Em entrevista a coluna do Guilherme Amado, do portal Metropolis, Marcelo Luiz Nogueira dos Santos, que é um ex-empregado que trabalhou durante 14 anos para a família Bolsonaro, afirma ter testemunhado nesse período a prática de uma série de crimes que teriam sido cometidos pela advogada Ana Cristina Valle, atualmente ex-mulher do presidente, e pelos parlamentares Flávio e Carlos Bolsonaro, respectivamente primeiro e segundo filho de Jair Bolsonaro (Sem partido).


Segundo o colunista, após o ex-servidor se demitir por não receber o salário pedido, Marcelo Luiz reconstituiu detalhadamente todos os anos em que serviu à família, quando passou por quatro funções. Ele começou o trabalho na campanha de 2002 de Flávio para deputado estadual. Entre 2003 e 2007, foi lotado no gabinete de Flávio na assembleia do Rio.

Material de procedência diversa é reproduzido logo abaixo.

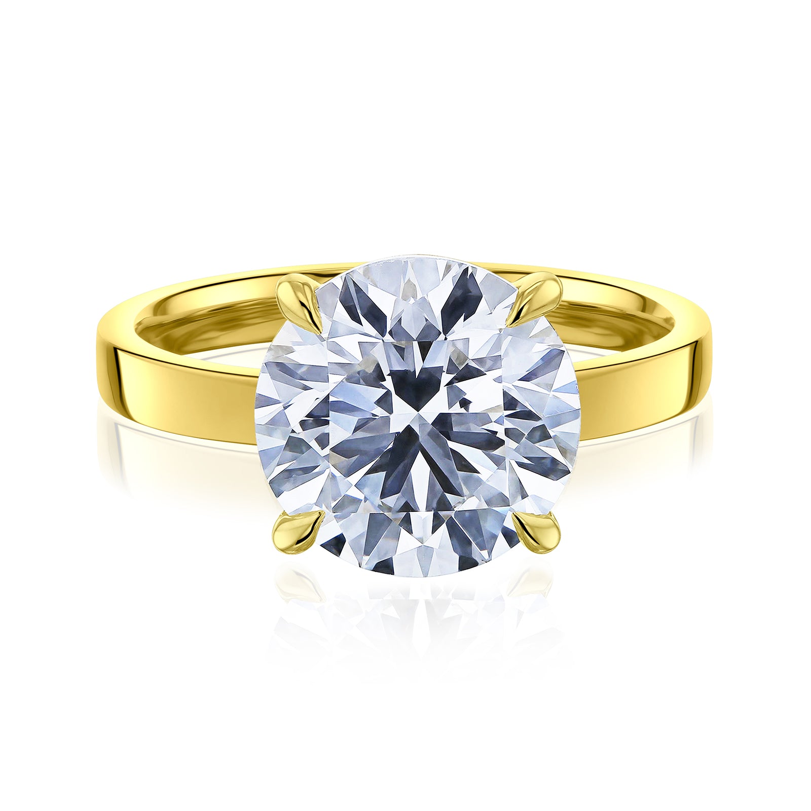 A four-carat round-cut diamond tops this solid gold band. The ring is made with solid 14k gold in a high polish.

Depois da separação do presidente e de Ana Cristina, em 2007, passou a ser, a pedido de Bolsonaro, uma espécie de babá de Jair Renan “conhecido como 04”, filho do casal, até a advogada deixar o Brasil e se mudar para a Europa. Após isto, entre os anos de 2014 e 2021, trabalhou como empregado da ex-esposa de Jair em suas casas, primeiro em Resende (RJ), e nos últimos meses em Brasília (DF).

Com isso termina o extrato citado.